By default, Ansible will be running against the development branch. You might want to check out the latest stable branch. Check what the latest stable version is using the following command line:

$ git branch -a

Copy the latest version you want to use. Version 2.0.2 was the latest version available at the time of writing. Check the latest version using the following command lines:

[node ansible]$ git checkout v2.0.2
Note: checking out 'v2.0.2'.
[node ansible]$ ansible --version
ansible 2.0.2 (v2.0.2 268e72318f) last updated 2014/09/28 21:27:25 (GMT +000)

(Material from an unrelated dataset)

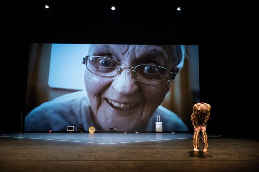 At the start of this new work by Philip Connaughton, we see a short video piece of Philip and his mother. She is quite elderly and suffers from some form of dementia. Philip wakes her in the morning and then gets her ready for the day ahead, washing and clothing her. These are intimate moments between the pair which he has chosen to share with the audience.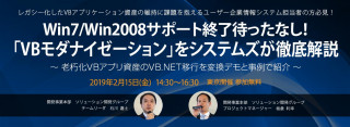 株式会社システムズ(本社:東京都品川区、代表取締役社長:小河原隆史)は、2月15日(金) に東京・五反田の東京本社セミナールームで、「Win7/Win2008サポート終了待ったなし! “VBモダナイゼーション”をシステムズが徹底解説」~VBアプリ資産のVB.NET移行を変換デモと事例で紹介~ と題したプライベートセミナーを開催します。

You now have a working setup of Ansible ready. One of the benefits of running Ansible from source is that you can enjoy the new features immediately, without waiting for your package manager to make them available for you.

 

Creating a test environment with QEMU and KVM


To be able to learn Ansible, we will need to make quite a few playbooks and run them.

Tip

Doing it directly on your computer will be very risky. For this reason, I would suggest using virtual machines.

It's possible to create a test environment with cloud providers in a few seconds, but often it is more useful to have those machines locally. To do so, we will use Kernel-based Virtual Machine (KVM) with Quick Emulator (QEMU).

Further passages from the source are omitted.